Madame Stéphanie Vallée, ministre de la Justice du Québec
Monsieur Martin Coiteux, ministre des Affaires municipales et de l’Occupation du Territoire
Madame Valérie Plante, mairesse, Ville de Montréal,
Pour tous les États et nations de ce monde, le drapeau représente un symbole de haute importance. Partout, des règles d’utilisation ont été décrétées à l’intention des organismes et institutions publiques qui relèvent de leur juridiction. Le Québec n’y fait pas exception. Or, en cette matière, il semble que Montréal se place en situation de rupture avec les façons de faire promulguées par le gouvernement du Québec. En évacuant le drapeau du Québec des rencontres officielles et médiatisées impliquant un premier ministre canadien ou tout autre chef d’État, non seulement renie-t-on l’affiliation de la Métropole au Québec, mais on s’octroie un statut qui n’est pas le sien. Une telle façon de faire est contraire à la réalité constitutionnelle du Québec. Il semble bien que Toronto ne s’en permette pas autant.
Le drapeau est l’un des plus puissants moyens de communication politique. Sa grande efficacité tient au fait que, par simple effet visuel, il peut synthétiser une réalité, cristalliser avec force une idée. À plus forte raison, lorsqu’arboré par une institution publique, il faut s’en tenir à la réalité politique ou constitutionnelle et éviter de se mettre en porte-à-faux: retirer un drapeau est une opération aussi lourde de signification que le fait d’en installer un là où il ne faut pas. C’est donc dans le but d’éviter le plus possible les imbroglios politiques ou les accrocs diplomatiques que de telles règles ont été décrétées.
Cette pratique adoptée par l’administration montréalaise doit être corrigée. Premièrement : ce qui est communément dénommé «drapeau de Montréal» est au sens de la loi du Québec, une «bannière». Il ne s’agit donc pas ici d’un simple détail de sémantique. L’article 1 du Règlement sur le drapeau (D-12.1, r. 2) déclare qu’« à titre d’emblème national, le drapeau du Québec doit être déployé de façon officielle par une institution publique ou un établissement relevant de l’Administration gouvernementale afin d’identifier son appartenance à cette dernière». L’article 4 vient préciser ce principe en ordonnant que le drapeau du Québec soit déployé non seulement sur l’édifice où siège le conseil d’une municipalité, mais aussi « en tout lieu où cette dernière déploie sa bannière ». Ces dispositions ont préséance sur toute réglementation ou pratique municipale.

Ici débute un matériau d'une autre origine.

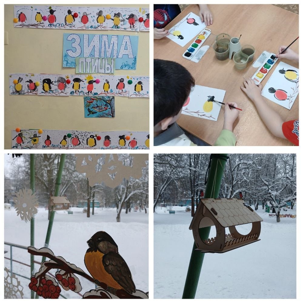 Во всех возрастных группах в рамках этой акции с детьми проводились познавательные занятия, беседы и рассматривание плакатов: «Птицы России», «Птицы разных широт», «Птицы». Также дети рисовали снегирей и синиц, делали аппликацию «Домик для птички».
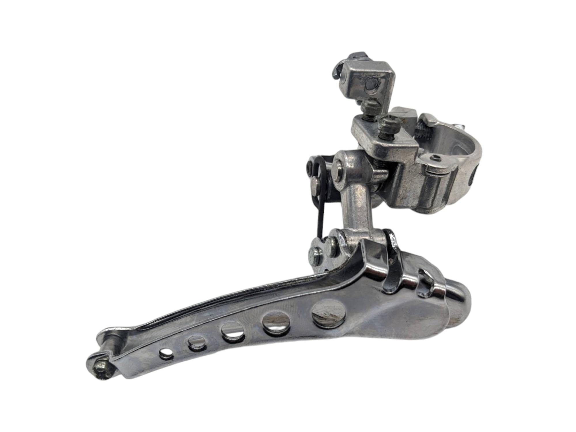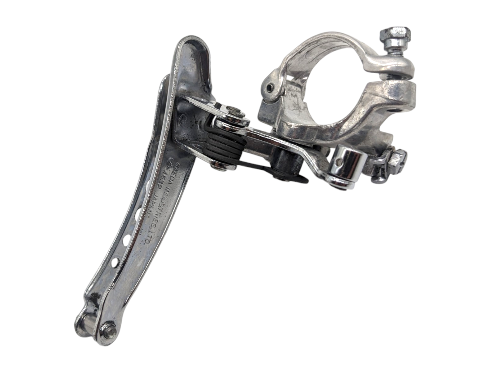 Maeda Fuji front derailleur with 28.6 mm clamp size. Fully cleaned and in excellent working order, this classic Japanese derailleur is ideal for restoring mid-century road bikes or building vintage setups where authenticity matters.
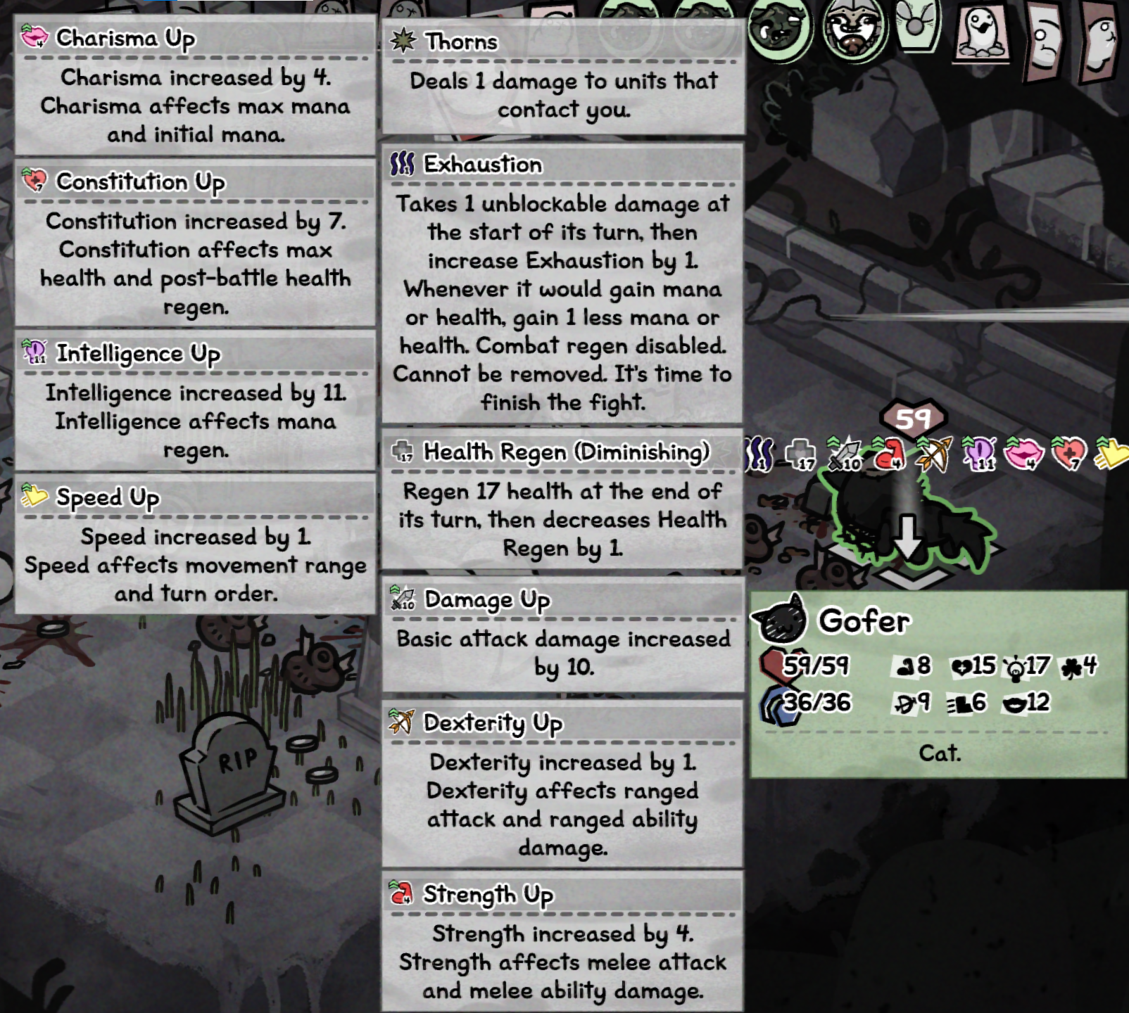 Дип механики Мявгеникса номер 264645: Если вы получили дебаф Камикадзе - взрывающий нахуй тело кисика, когда он лишился всего хп в битве. Не пробуйте активировать скилл - Притвориться мёртвым. После того как кисик притворяется мёртвым, он резко взрывается нахуй. Не остаётся даже тела, хиллер не может его воскресить.

Le statut de métropole accordé à Montréal par l’adoption de la Loi 121, est loin, très loin de lui conférer un statut de «Cité-État», auquel certains ont rêvé. Ses pouvoirs sont demeurés contenus dans les seules limites de «ceux que le gouvernement du Québec lui délègue». Montréal n’est pas Hong Kong, ni Dubaï, elle ne peut donc délibérément propager l’illusion qu’elle a la capacité de traiter d’égal à égal avec un État constitué.
On ne saurait nier que dans certains cercles, on voudrait sortir Montréal du Québec. Un des objectifs fut d’abord de porter un coup durable à ce statut constitutionnalisé d’administrations déléguées qui constitue la pierre d’assise de notre régime municipal. L’ex-maire et ex-ministre fédéral Denis Coderre fut un des partisans d’un amendement constitutionnel à cette fin. Le gouvernement du Québec a dit non à une telle proposition.
Monsieur Coderre a également été le premier à soutenir cette idée de «Cité-État» pour sa ville, c’est-à-dire un espace géographique contrôlé de façon quasi exclusive par son conseil municipal, donc possédant sa propre souveraineté. Espère-on pouvoir un jour échapper aux politiques linguistiques et d’immigrations du Québec? Une façon de se démarquer ou se désaffilier du reste des régions? On peut déjà observer que de plus en plus de Montréalais ne s’identifient plus au Québec en se disant «uniquement Montréalais».
Le gouvernement du Québec a une obligation de réunification et promotion d’unité à ce chapitre.
En vertu du Décret 29-2016, vous êtes, la ministre chargée de l’application de la Loi sur le drapeau et emblèmes du Québec et de son règlement. C’est à ce titre qu’il vous est demandé de voir à ce que la ville de Montréal, à l’instar des institutions et organismes publics visés par le Règlement sur le drapeau du Québec, se conforme aux dispositions promulguées à cette fin.
Vous remerciant de votre attention, je vous prie, madame la Ministre d’agréer l’expression de mes sentiments distingués.
Pierre-Paul Sénéchal
Ex-conseiller, gouvernement du Québec
Rencontre officielle entre le maire de Toronto et le Premier ministre Trudeau. Le drapeau de l’Ontario accompagne la bannière municipale.